Philips Nebula Medical Imaging AI Platform
As a long-established professional medical company, Philips covers a wide range of clinical pathways, with its diagnostic imaging products serving as devices that generate and collect medical imaging data. Beyond embedding artificial intelligence (AI) technology into its equipment, Philips has developed a series of AI-driven intelligent tools based on actual clinical needs. These tools aim to optimize radiology workflows, assist physicians in achieving accurate initial diagnoses, and formulate personalized treatment plans.
For example, the “Philips Nebula AI Medical Imaging Platform,” which won the gold award at this product expo, comprises two components: the “Philips Nebula 3D Imaging Data Center” (IntelliSpace Portal) and the “Philips Nebula Exploration Platform.”
“Philips Nebula 3D Imaging Data Center” is an integrated, intelligent clinical imaging diagnosis platform that enables image processing across different brands and types of imaging equipment. It provides advanced visualization and post-processing for multi-modal imaging, assisting radiologists and clinicians in better lesion identification, as well as in monitoring, diagnosing, and following up on disease treatment.

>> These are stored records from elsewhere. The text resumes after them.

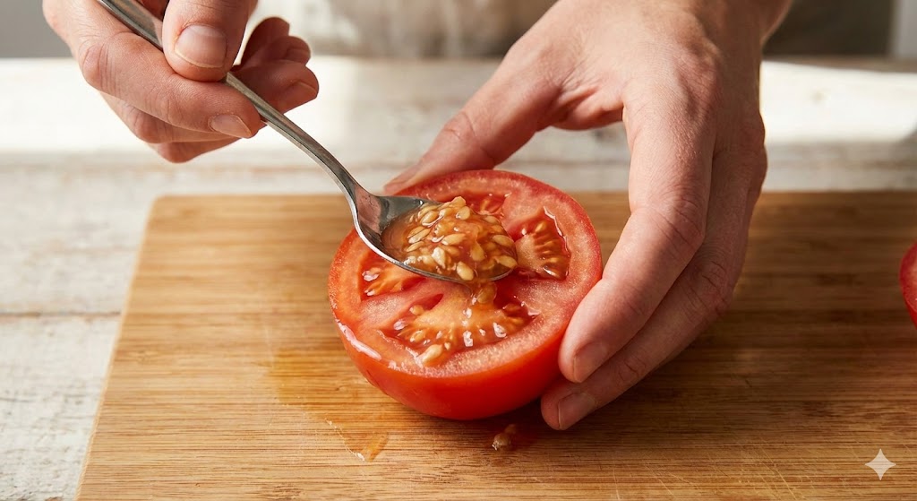 トマトを横半分に切り、スプーンなどで種の部分をゼリーごと掻き出します。
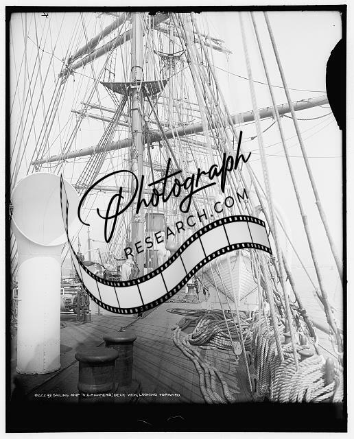 Sailing ship RC Rickmers,deck view,looking forward,equipment,rigging,boats,1906
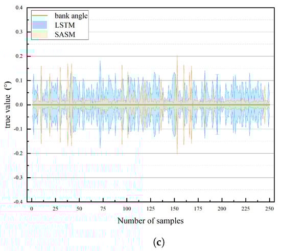 Figure 9c demonstrates a notably smaller error band for the SASM model, compared to LSTM. While it is true that the LSTM model exhibited superior performance at certain, albeit rare, data points, the overall trend highlights the SASM model’s advantage in terms of consistency and precision in predictions.
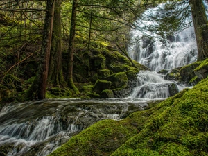forest, wooden, trees, house, winter, Snowy, viewes

It covers multiple clinical specialties in radiology, including cardiology, oncology (liver, lung, breast, prostate, etc.), neurology, emergency medicine, orthopedics, and dentistry. With more than 70 clinical application modules, it leverages advanced 3D image post-processing techniques based on clinical guidelines to present anatomical structures with greater clarity, thereby assisting clinicians in making rapid and precise diagnostic decisions and formulating personalized treatment plans.

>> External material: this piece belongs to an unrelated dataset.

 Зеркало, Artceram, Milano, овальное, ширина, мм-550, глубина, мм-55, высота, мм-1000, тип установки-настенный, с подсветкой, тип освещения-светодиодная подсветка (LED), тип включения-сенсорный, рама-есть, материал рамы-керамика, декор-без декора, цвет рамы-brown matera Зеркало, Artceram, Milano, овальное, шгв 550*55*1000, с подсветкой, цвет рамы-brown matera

Furthermore, the “Nebula Platform” enables the establishment of remote medical imaging centers that span across departments, hospital campuses, and geographic regions, thereby optimizing clinical workflows, facilitating cross-departmental sharing of imaging resources, promoting the equitable distribution of high-quality medical resources, and advancing tiered diagnosis and treatment.
“Philips IntelliSpace Discovery” supports clinical research, featuring an open-source architecture, multi-modal imaging support, compatibility with various programming languages, automated batch processing, and integrated AI components along with the XNAT database management system.
It covers three major modules—oncology, cardiology, and neurology—and provides a variety of tools for image segmentation, rigid and elastic as well as multimodal registration, along with computational utilities for Radiomics, DTI, IVIM, and various pharmacokinetic models, thereby offering researchers extensive image development tools and a robust development environment.
The newly released ISD 2.0 artificial intelligence platform enables multimodal image integration and mining of disease-specific imaging features. Its open software community allows Philips, clinicians, and third-party vendors to participate collaboratively in building a medical AI ecosystem.